* [WHAT TO PRODUCE]: Please repeat exactly the lines below from the line with "市章と出雲街道の風景、人力車" to the line with "- Вісь обертання", including both, and leave out every picture.

* [Data extracted from a collection]:
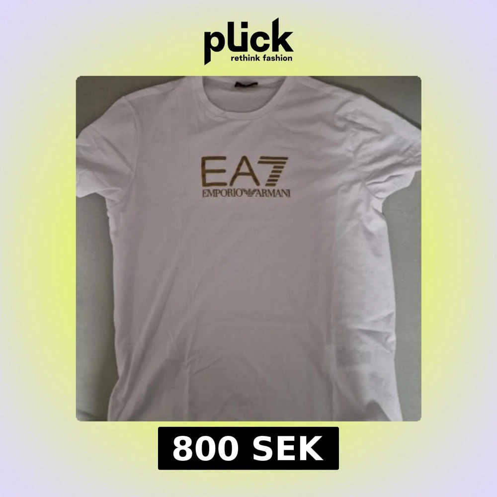 Säljer en vit t-shirt från Emporio Armani EA7 med guldig logga tryckt på bröstet. Klassisk rund halsringning och korta ärmar. Tillverkad i mjuk bomull för en skön känsla. Perfekt för dig som gillar stilrena och exklusiva plagg.
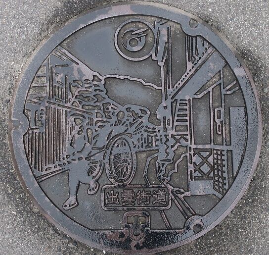市章と出雲街道の風景、人力車がデザインされています。本郷1763の路上に有りました。
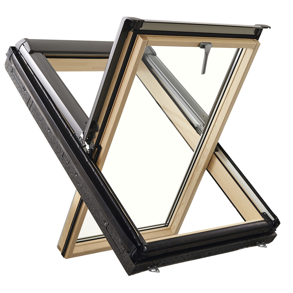 - Вісь обертання розташована на 1/2 висоти вікна, що забезпечує оптимальне провітрювання та освітлення мансарди.
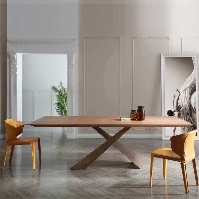 Son piétement central en forme de Y inversé assure à la fois stabilité et légèreté visuelle. Le système d'ouverture rotatif avec poignée intégrée permet un déploiement fluide de ses deux allonges, pour accueillir jusqu'à 8 convives en toute simplicité.
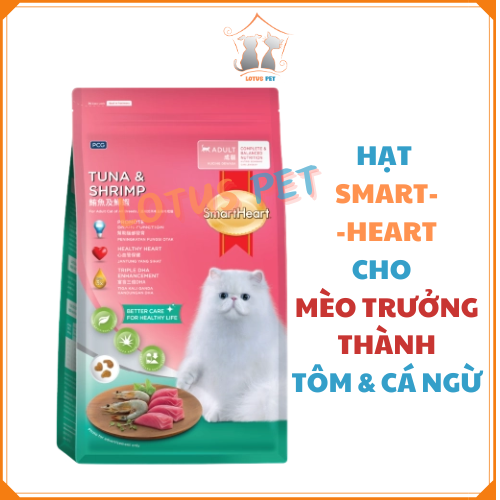 Bạn muốn mèo cưng thưởng thức bữa ăn giàu dinh dưỡng và ngon miệng mỗi ngày? Khám phá ngay dòng thức ăn hạt SmartHeart dành cho mèo trưởng thành từ 1 tuổi trở lên có hương vị cá ngừ & tôm độc đáo. Sản phẩm đạt chuẩn AAFCO, với công thức gấp 3 lần DHA giúp phát triển trí não. Đồng thời, bổ sung các dưỡng chất thiết yếu như chất Đạm, Omega 3, các Vitamin và chất chống oxy hóa giúp phát triển cơ bắp, nuôi dưỡng da lông, tốt cho tiêu hóa và bảo vệ tim mạch, cũng như duy trì sức khỏe toàn diện cho mèo trưởng thành.
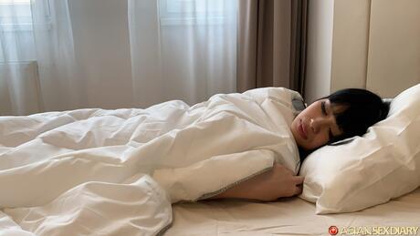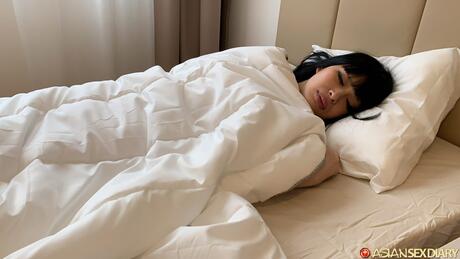 Asian Sex Diary: Fantastic Asian babe Miyabi strips and unveils her small tits and hairy cunt

* [SOLUTION TO THIS PROBLEM]:
市章と出雲街道の風景、人力車がデザインされています。本郷1763の路上に有りました。
 - Вісь обертання розташована на 1/2 висоти вікна, що забезпечує оптимальне провітрювання та освітлення мансарди.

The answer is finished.